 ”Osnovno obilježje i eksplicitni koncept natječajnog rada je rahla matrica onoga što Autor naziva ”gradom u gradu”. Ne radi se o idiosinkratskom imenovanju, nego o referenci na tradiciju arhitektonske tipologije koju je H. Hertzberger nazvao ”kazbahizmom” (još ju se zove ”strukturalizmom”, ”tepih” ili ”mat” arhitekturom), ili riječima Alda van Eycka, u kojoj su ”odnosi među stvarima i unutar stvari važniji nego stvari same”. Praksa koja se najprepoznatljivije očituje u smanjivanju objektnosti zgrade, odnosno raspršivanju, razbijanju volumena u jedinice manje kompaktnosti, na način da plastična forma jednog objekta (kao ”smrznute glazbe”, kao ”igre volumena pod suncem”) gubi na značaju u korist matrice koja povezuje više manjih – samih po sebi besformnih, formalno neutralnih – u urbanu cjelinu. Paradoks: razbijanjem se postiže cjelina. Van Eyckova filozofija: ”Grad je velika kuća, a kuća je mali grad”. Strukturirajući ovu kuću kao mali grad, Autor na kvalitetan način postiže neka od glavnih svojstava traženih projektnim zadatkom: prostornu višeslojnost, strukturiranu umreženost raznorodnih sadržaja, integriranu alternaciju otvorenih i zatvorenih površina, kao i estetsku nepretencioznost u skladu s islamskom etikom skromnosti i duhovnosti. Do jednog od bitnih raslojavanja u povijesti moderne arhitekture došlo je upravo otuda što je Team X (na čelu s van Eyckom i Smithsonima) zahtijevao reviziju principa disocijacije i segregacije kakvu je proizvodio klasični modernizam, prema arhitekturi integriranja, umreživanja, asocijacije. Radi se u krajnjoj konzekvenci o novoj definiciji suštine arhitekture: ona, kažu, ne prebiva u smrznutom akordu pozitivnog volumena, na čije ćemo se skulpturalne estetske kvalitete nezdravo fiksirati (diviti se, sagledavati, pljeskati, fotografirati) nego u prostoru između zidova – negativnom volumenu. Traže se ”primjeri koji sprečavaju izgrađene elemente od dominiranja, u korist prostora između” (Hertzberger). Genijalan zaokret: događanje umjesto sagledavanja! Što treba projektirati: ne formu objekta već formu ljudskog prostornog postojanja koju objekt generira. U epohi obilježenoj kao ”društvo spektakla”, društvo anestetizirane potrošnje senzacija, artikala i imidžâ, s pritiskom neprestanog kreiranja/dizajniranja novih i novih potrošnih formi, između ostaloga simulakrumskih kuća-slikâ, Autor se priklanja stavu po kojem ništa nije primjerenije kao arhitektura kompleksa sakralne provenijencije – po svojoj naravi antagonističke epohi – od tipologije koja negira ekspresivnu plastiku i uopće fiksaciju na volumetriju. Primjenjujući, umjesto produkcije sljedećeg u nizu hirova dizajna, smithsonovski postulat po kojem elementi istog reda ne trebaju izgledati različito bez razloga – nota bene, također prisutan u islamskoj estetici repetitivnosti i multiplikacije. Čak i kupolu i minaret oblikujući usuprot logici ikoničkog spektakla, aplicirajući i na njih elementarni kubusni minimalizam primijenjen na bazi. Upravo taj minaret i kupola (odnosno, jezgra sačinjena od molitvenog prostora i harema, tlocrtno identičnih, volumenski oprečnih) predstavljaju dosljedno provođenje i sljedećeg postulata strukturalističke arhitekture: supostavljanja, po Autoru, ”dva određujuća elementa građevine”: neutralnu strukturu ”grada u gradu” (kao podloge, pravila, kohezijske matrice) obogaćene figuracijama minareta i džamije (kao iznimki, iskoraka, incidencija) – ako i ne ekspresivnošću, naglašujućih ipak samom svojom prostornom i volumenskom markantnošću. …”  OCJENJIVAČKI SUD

━━━━

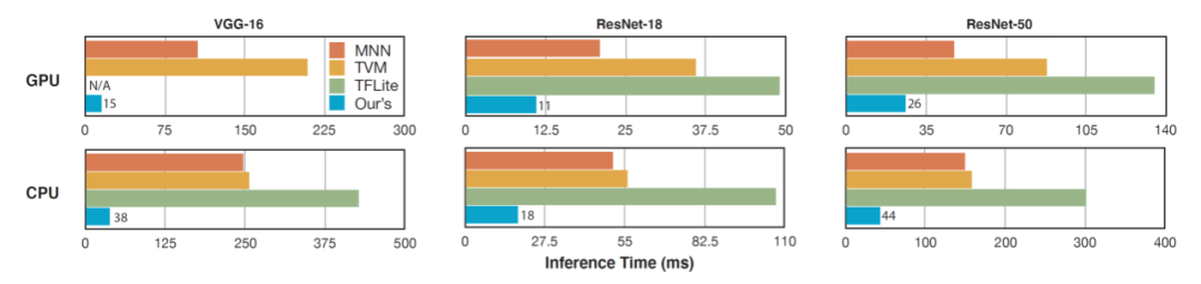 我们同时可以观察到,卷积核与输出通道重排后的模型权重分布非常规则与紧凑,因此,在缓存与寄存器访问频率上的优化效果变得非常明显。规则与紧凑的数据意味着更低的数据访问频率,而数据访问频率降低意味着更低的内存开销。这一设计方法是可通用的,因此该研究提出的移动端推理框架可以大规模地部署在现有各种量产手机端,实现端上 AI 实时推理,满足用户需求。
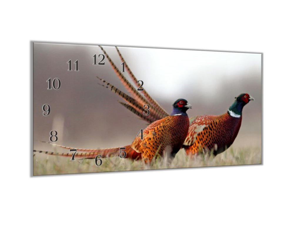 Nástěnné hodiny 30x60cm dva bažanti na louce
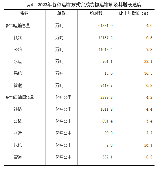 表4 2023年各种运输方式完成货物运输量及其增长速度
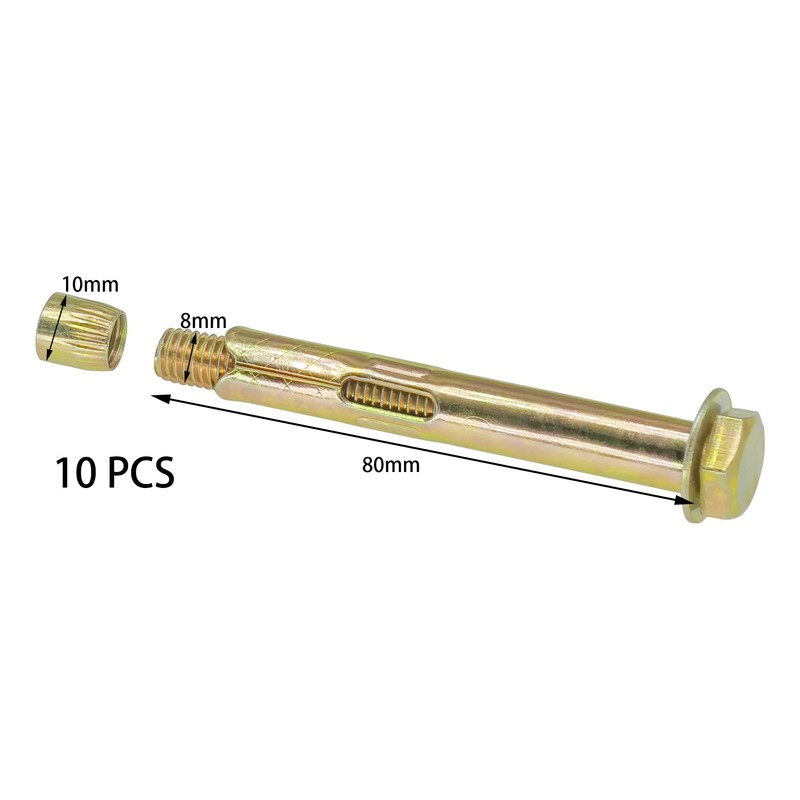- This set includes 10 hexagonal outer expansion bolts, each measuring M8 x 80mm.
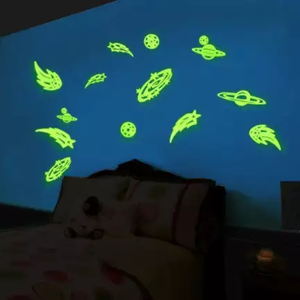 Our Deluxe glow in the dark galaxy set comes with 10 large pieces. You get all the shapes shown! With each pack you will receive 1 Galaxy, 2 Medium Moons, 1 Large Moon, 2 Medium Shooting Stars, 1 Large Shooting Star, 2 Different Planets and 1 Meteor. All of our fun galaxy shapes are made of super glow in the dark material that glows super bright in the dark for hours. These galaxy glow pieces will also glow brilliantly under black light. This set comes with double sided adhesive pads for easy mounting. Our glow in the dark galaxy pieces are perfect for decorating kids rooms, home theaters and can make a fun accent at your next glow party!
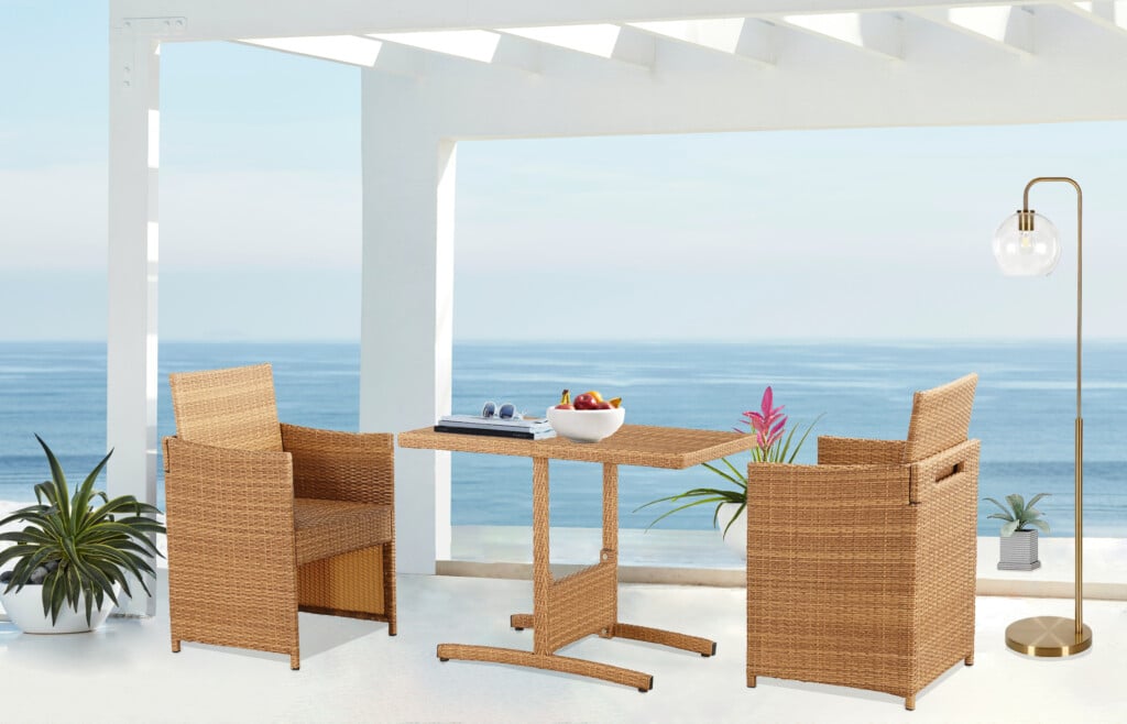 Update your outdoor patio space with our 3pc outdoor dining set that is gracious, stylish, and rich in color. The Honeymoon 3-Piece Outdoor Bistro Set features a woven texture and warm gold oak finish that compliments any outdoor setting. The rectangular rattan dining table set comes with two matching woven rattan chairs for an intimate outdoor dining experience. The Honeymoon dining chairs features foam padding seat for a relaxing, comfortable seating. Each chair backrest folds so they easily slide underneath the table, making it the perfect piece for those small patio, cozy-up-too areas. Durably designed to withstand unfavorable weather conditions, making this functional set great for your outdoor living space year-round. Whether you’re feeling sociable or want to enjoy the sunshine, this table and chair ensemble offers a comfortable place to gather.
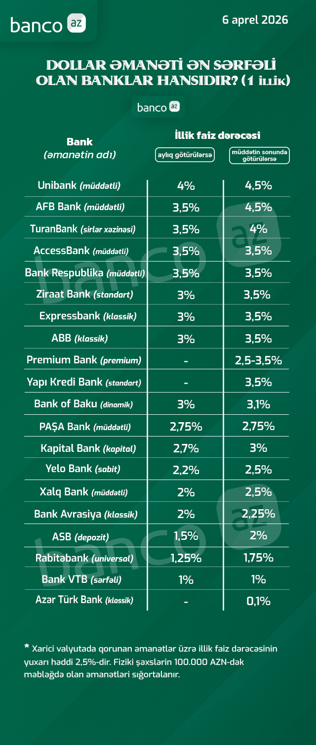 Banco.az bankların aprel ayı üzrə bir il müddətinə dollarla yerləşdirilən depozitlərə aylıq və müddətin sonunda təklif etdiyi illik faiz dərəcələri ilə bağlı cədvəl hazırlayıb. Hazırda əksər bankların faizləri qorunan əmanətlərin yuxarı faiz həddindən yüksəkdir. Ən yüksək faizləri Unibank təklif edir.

━━━━

__What you need to do__:
Within the listing above, find the line containing "Update your outdoor" and the line containing "Banco.az bankların aprel". Transcribe them and everything between them exactly, leaving out the pictures.

__Answer to this problem__:
 Update your outdoor patio space with our 3pc outdoor dining set that is gracious, stylish, and rich in color. The Honeymoon 3-Piece Outdoor Bistro Set features a woven texture and warm gold oak finish that compliments any outdoor setting. The rectangular rattan dining table set comes with two matching woven rattan chairs for an intimate outdoor dining experience. The Honeymoon dining chairs features foam padding seat for a relaxing, comfortable seating. Each chair backrest folds so they easily slide underneath the table, making it the perfect piece for those small patio, cozy-up-too areas. Durably designed to withstand unfavorable weather conditions, making this functional set great for your outdoor living space year-round. Whether you’re feeling sociable or want to enjoy the sunshine, this table and chair ensemble offers a comfortable place to gather.
 Banco.az bankların aprel ayı üzrə bir il müddətinə dollarla yerləşdirilən depozitlərə aylıq və müddətin sonunda təklif etdiyi illik faiz dərəcələri ilə bağlı cədvəl hazırlayıb. Hazırda əksər bankların faizləri qorunan əmanətlərin yuxarı faiz həddindən yüksəkdir. Ən yüksək faizləri Unibank təklif edir.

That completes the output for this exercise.